• [AIM OF THE TASK]:
Leaving out all pictures, transcribe the lines below exactly, from the first through the line containing "(2022年纸及纸板产量100万吨以上的省(区、市))".

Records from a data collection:
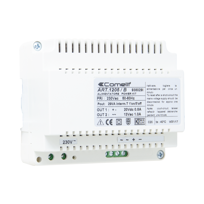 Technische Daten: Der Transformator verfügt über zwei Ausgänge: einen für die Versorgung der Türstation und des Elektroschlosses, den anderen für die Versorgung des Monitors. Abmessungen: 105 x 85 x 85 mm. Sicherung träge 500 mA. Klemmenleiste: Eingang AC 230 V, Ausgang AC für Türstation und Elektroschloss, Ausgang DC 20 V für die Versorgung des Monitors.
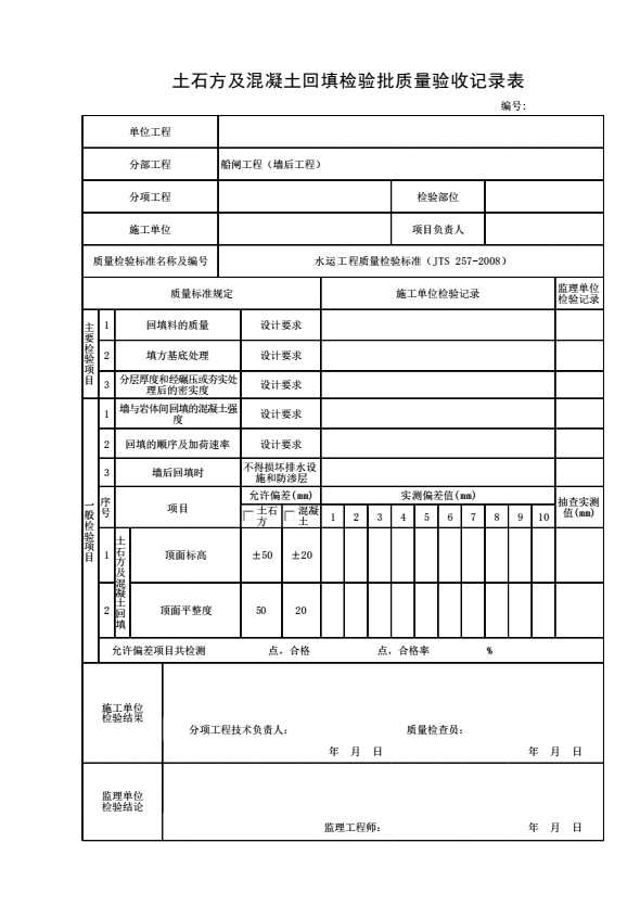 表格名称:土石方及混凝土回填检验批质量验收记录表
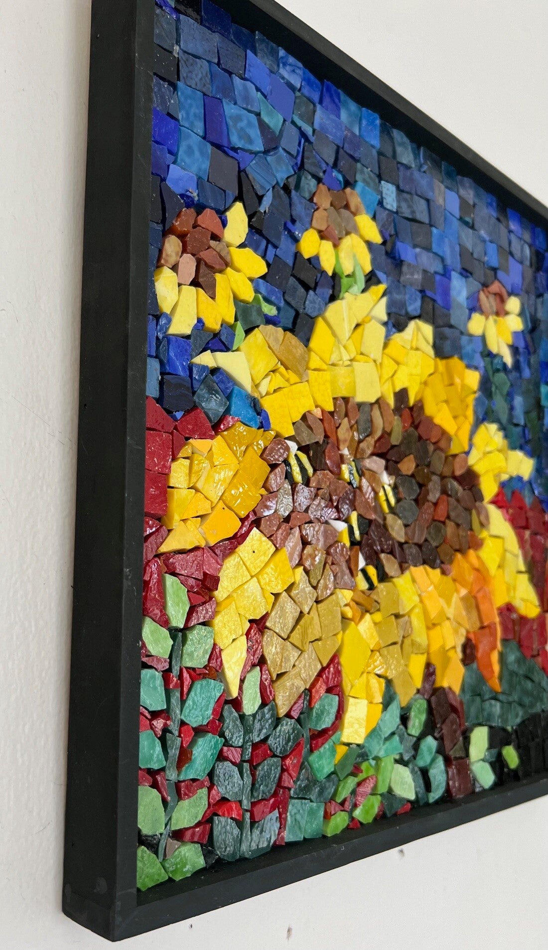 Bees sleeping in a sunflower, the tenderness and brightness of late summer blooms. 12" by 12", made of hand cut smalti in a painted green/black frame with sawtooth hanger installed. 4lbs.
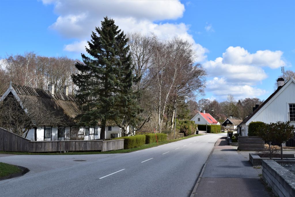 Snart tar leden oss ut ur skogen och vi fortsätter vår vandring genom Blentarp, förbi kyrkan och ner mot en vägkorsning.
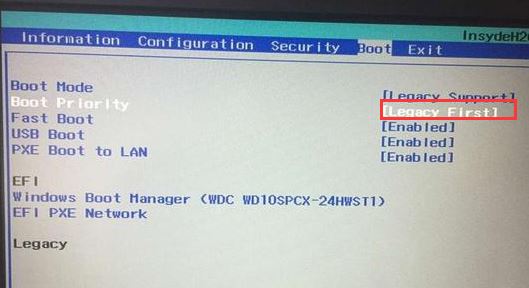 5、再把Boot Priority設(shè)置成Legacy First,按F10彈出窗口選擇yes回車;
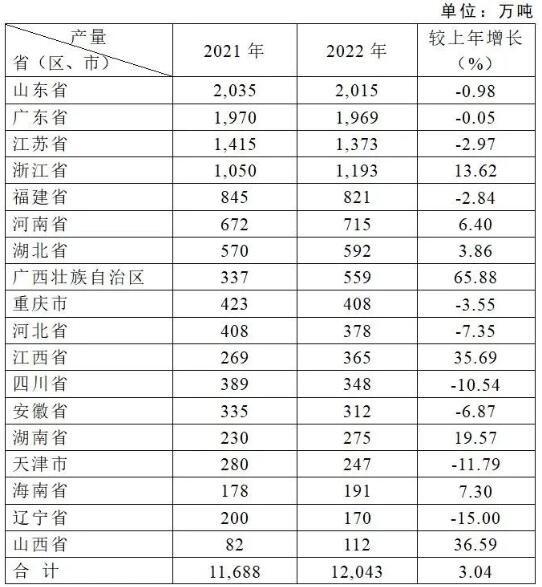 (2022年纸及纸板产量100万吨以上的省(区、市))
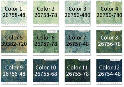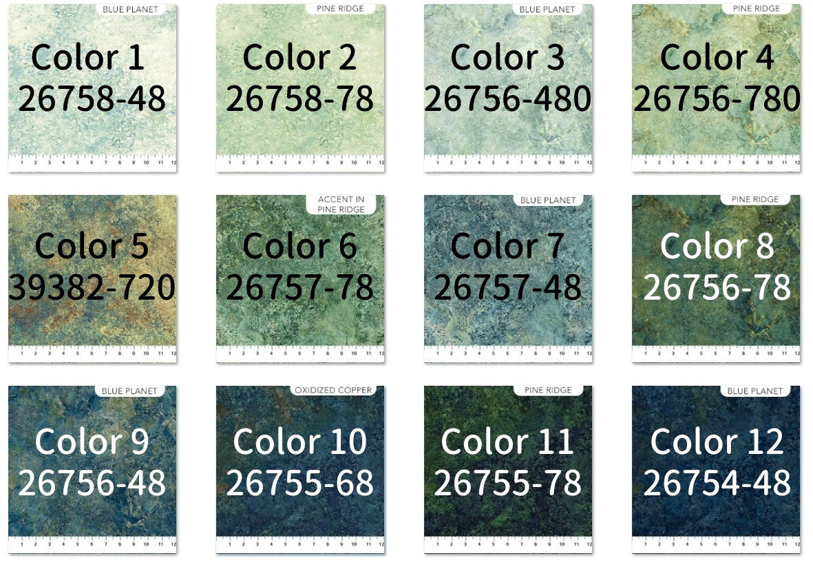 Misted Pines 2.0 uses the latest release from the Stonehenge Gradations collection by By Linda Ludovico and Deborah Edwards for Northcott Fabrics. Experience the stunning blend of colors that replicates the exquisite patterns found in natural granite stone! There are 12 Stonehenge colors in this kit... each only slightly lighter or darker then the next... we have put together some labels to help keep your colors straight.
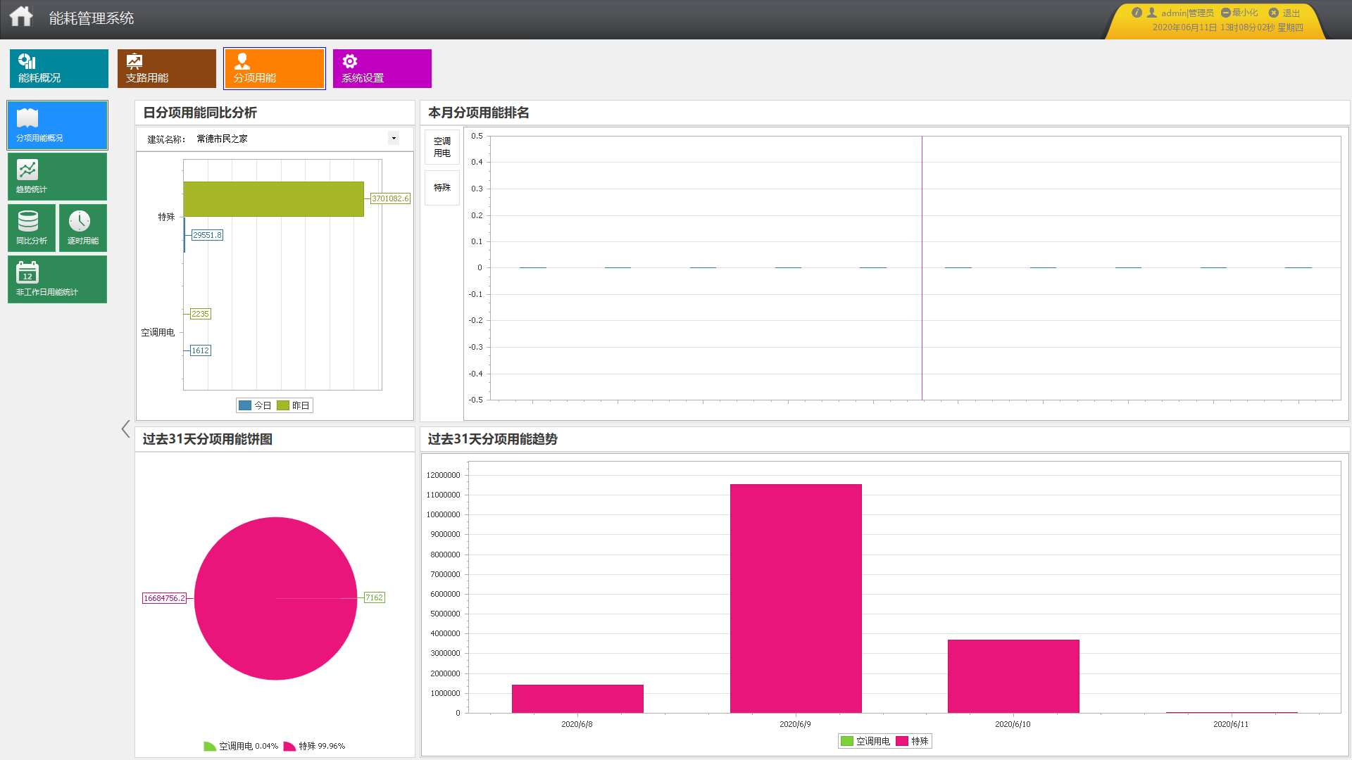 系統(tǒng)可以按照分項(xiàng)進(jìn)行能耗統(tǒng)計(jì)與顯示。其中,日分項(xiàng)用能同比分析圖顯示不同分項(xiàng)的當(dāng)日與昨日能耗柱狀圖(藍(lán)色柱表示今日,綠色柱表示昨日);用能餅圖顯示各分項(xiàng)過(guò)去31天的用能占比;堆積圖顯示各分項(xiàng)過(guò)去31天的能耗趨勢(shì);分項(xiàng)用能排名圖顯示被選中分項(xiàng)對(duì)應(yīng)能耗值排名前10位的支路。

• [ANSWER TO THE PROBLEM]:
 Technische Daten: Der Transformator verfügt über zwei Ausgänge: einen für die Versorgung der Türstation und des Elektroschlosses, den anderen für die Versorgung des Monitors. Abmessungen: 105 x 85 x 85 mm. Sicherung träge 500 mA. Klemmenleiste: Eingang AC 230 V, Ausgang AC für Türstation und Elektroschloss, Ausgang DC 20 V für die Versorgung des Monitors.
 表格名称:土石方及混凝土回填检验批质量验收记录表
 Bees sleeping in a sunflower, the tenderness and brightness of late summer blooms. 12" by 12", made of hand cut smalti in a painted green/black frame with sawtooth hanger installed. 4lbs.
 Snart tar leden oss ut ur skogen och vi fortsätter vår vandring genom Blentarp, förbi kyrkan och ner mot en vägkorsning.
 5、再把Boot Priority設(shè)置成Legacy First,按F10彈出窗口選擇yes回車;
 (2022年纸及纸板产量100万吨以上的省(区、市))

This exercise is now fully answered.